351 TRIBUNAL CANTONAL 388 PE19.005121-JMU C H A M B R E D E S R E C O U R S P E N A L E
Arrêt du 6 mai 2019
Composition : M. M E Y L A N , président M.Krieger et Mme Byrde, juges Greffière:MmeVillars
Art. 310, 383 al. 2 CPP Statuant sur le recours interjeté le 22 mars 2019 par J.________ contre l’ordonnance de non-entrée en matière rendue le 18 mars 2019 par le Ministère public de l’arrondissement de Lausanne dans la cause n° PE19.005121-JMU, la Chambre des recours pénale considère : E n f a i t : A.Le 30 décembre 2018, J.________ a déposé plainte pénale contre H.________ pour injure et voies de fait. B.a) Par ordonnance du 18 mars 2019, le Ministère public a refusé d’entrer en matière sur la plainte de J.________ et a laissé les frais à
2 - la charge de l’Etat. Par courrier difficilement compréhensible du 22 mars 2019, J.________ a manifesté son désaccord avec le contenu de l’ordonnance de non-entrée en matière. b) Le 1 er avril 2019, le Procureur a informé J.________ que le recours était le seul moyen de contester une décision de non-entrée en matière et lui a imparti un délai au 9 avril 2019 pour lui indiquer si sa correspondance du 22 mars 2019 devait être considérée comme un recours. Par acte adressé le 9 avril 2019 au Ministère public, J.________ a déclaré que sa lettre du 22 mars 2019 était un recours, « à la condition que tous les frais générés dans cette affaire seront à la charge du présumé prévenu » (P. 6). c) Le 10 avril 2019, le Ministère public a transmis le dossier de la cause à la Chambre des recours pénale du Tribunal cantonal comme objet de sa compétence. Par avis du 12 avril 2019 adressé sous pli recommandé, l’autorité de céans a imparti à J.________ un délai au 2 mai 2019 pour effectuer un dépôt de 550 fr. à titre de sûretés, avec l’indication qu’à défaut de paiement des sûretés en temps utile, il ne serait pas entré en matière sur son recours (P. 7).
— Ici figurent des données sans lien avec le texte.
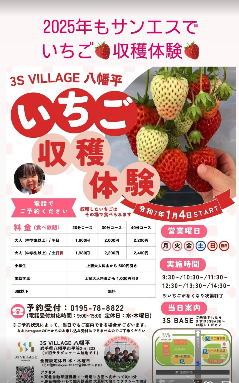 12月下旬からは、寒暖差で甘く育ったいちごのいちご狩りも始まります。岩手県にお出かけの際には、ぜひ「3S VILLAGE」にお立ち寄りください。
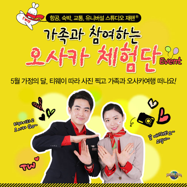 티웨이항공 관계자는 “가정의 달을 맞이하여 고객이 가족 간 추억을 남길 수 있도록 이벤트를 준비했다. 이벤트 참여를 통해 가족과 추억의 사진을 남기고 덤으로 오사카여행의 기회도 얻을 수 있다. 누구나 참여할 수 있는 티웨이항공의 오사카 체험단에 도전해보시길 바란다”고 밝혔다.
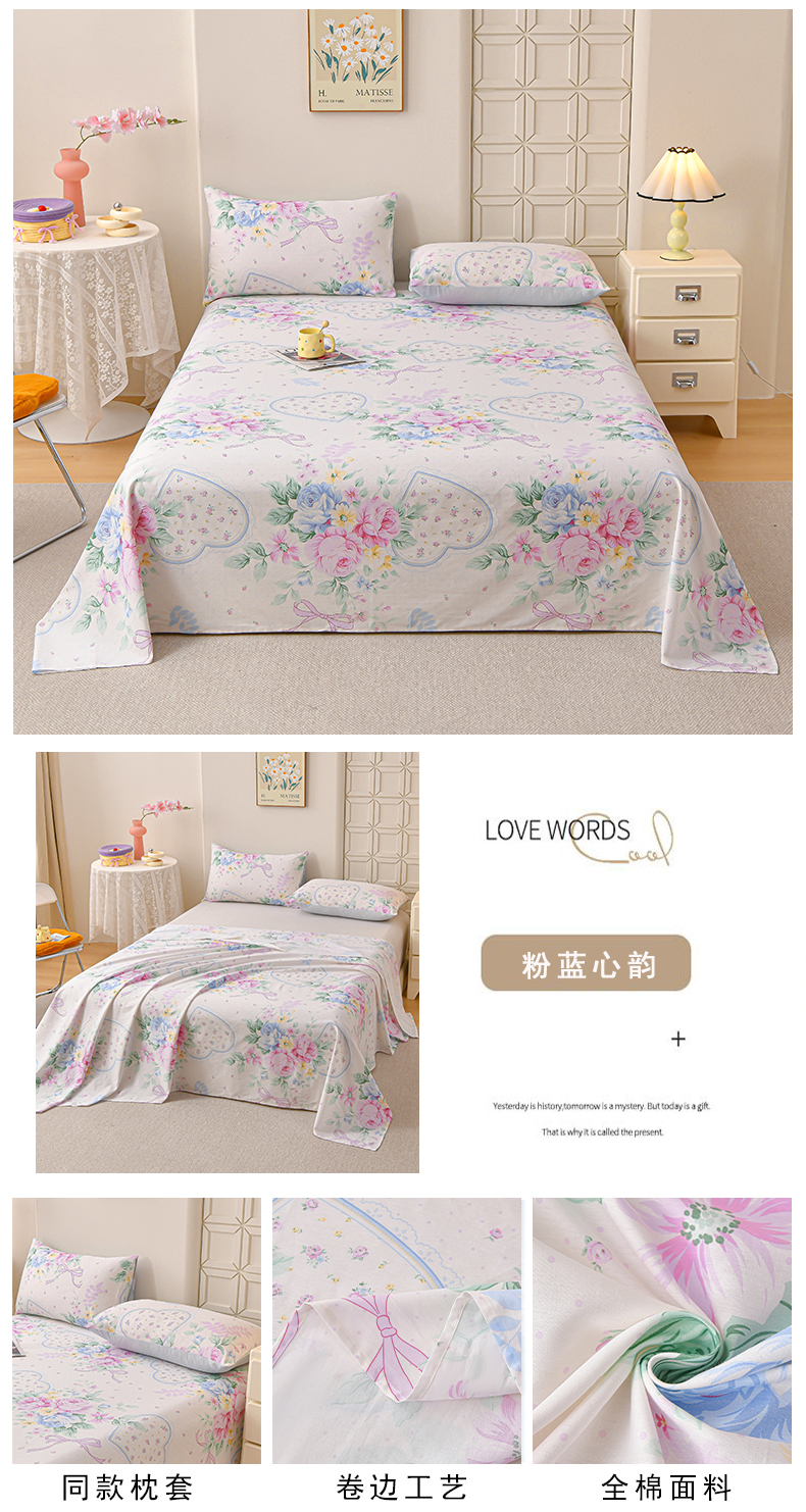 商品名称:宇彬家纺 2025直播新款13070全棉纯棉印花双人单床单枕套三件套喷气小清新简约学生被单 粉蓝心韵
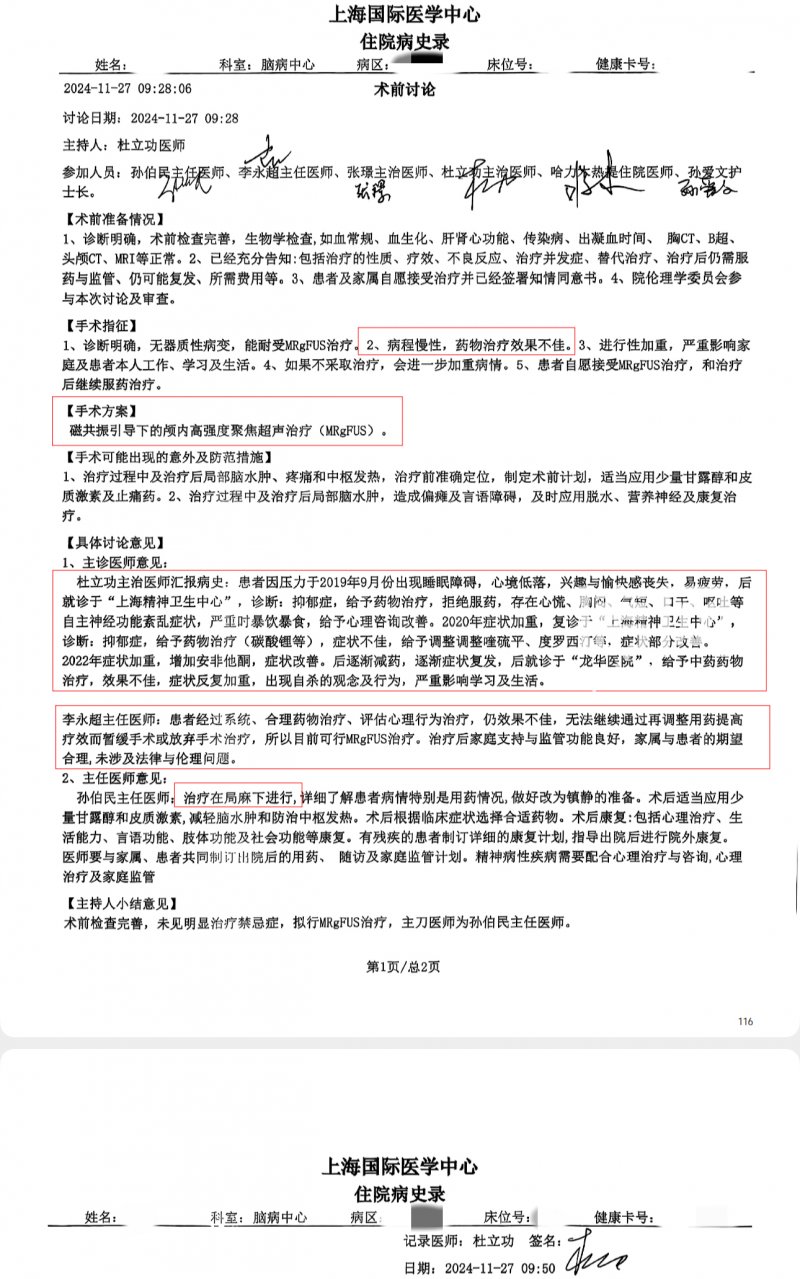 张女士没有找到这场手术单独的手术记录,只在住院病史录的术前讨论页,看到了主诊医师、主任医师的意见。讨论页的小结意见中写到:术前检查完善,未见明显治疗禁忌症,拟行MRgFUS治疗,主刀医师为孙伯民主任医师。

Par courrier du 2 mai 2019, J.________ a indiqué qu’aucun motif ne justifiait la transmission du dossier de la présente cause à la Chambre des recours pénale du Tribunal cantonal, puisqu’il avait donné son accord à ce que son courrier soit considéré comme un recours en précisant préalablement qu’aucun frais ne devait être mis à sa charge (P. 8).
3 - E n d r o i t :
1.1Les parties peuvent attaquer une ordonnance de non-entrée en matière rendue par le ministère public (art. 310 CPP [Code de procédure pénale suisse du 5 octobre 2007; RS 312.0]) dans les dix jours devant l’autorité de recours (art. 310 al. 2, 322 al. 2 CPP; cf. art. 20 al. 1 let. b CPP) qui est, dans le canton de Vaud, la Chambre des recours pénale du Tribunal cantonal (art. 13 LVCPP [Loi d’introduction du Code de procédure pénale suisse du 19 mai 2009 ; BLV 312.01]; art. 80 LOJV [Loi d’organisation judiciaire du 12 décembre 1979 ; BLV 173.01]). La jurisprudence du Tribunal fédéral n’admet pas la recevabilité d’un recours conditionnel (ATF 134 III 332 consid. 2, JdT 2008 I 223, SJ 2008 p. 306 ; TF 1C 52/2010 du 21 avril 2010 consid. 2.2). 1.2En l’espèce, interpellé par le Ministère public sur les suites qu’il convenait de donner à son courrier du 22 mars 2019, J._______ a indiqué, par lettre du 9 avril 2019, que son courrier devait être considéré comme un recours à la condition que tous les frais soient mis à la charge du prévenu présumé. Le recours de J.________ est donc conditionnel, plus particulièrement conditionné au fait que les frais de la cause ne seront pas mis à sa charge, mais à celle de la personne dénoncée dans sa plainte. Cet acte est donc irrecevable. Pour le surplus, le recourant – qui a retiré le pli recommandé contenant l’avis du 12 avril 2019 de l’autorité de céans le 24 avril 2019 – a suivi sa propre logique et n’a pas procédé à l’avance de frais requise dans le délai imparti. Il n’a pas non plus demandé de prolongation ou de restitution du délai. Le recours est dès lors également irrecevable pour ce motif (art. 383 al. 2 CPP ; CREP 31 octobre 2017/724 ; CREP 21 mai 2015/337).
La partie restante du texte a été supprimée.